** Opening Listed entries block **

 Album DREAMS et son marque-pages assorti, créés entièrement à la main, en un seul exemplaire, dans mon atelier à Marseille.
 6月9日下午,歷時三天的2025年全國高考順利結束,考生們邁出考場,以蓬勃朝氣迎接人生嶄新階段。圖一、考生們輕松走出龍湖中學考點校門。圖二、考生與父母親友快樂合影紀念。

** Closing Listed entries block **
** Opening Listed entries block **

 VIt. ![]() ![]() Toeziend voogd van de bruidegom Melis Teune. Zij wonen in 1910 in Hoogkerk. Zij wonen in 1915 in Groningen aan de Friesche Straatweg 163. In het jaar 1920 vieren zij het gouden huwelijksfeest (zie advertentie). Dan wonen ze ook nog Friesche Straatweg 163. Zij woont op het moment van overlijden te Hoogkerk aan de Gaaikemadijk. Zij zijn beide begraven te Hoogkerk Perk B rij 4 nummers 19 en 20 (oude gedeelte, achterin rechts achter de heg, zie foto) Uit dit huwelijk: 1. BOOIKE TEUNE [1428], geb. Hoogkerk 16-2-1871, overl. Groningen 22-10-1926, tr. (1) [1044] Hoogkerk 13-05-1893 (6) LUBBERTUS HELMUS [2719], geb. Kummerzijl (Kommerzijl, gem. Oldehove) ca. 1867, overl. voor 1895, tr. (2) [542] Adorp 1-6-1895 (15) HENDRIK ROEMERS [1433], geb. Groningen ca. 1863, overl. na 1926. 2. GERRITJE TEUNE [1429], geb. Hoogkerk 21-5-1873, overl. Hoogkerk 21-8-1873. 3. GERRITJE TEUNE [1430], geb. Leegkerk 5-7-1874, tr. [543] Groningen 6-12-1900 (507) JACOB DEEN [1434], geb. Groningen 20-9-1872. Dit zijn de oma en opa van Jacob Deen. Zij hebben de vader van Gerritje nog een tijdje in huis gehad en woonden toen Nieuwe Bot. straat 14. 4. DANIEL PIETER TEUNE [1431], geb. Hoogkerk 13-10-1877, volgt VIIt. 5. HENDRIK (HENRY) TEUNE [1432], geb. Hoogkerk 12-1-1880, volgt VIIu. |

** Closing Listed entries block **

- _Task to complete_
Word for word, restate the lines of the data above that fall between the line holding "Album DREAMS et" and the line holding "6月9日下午,歷時三天的20", inclusive, and no other lines.

- _Expected answer_
 Album DREAMS et son marque-pages assorti, créés entièrement à la main, en un seul exemplaire, dans mon atelier à Marseille.
 6月9日下午,歷時三天的2025年全國高考順利結束,考生們邁出考場,以蓬勃朝氣迎接人生嶄新階段。圖一、考生們輕松走出龍湖中學考點校門。圖二、考生與父母親友快樂合影紀念。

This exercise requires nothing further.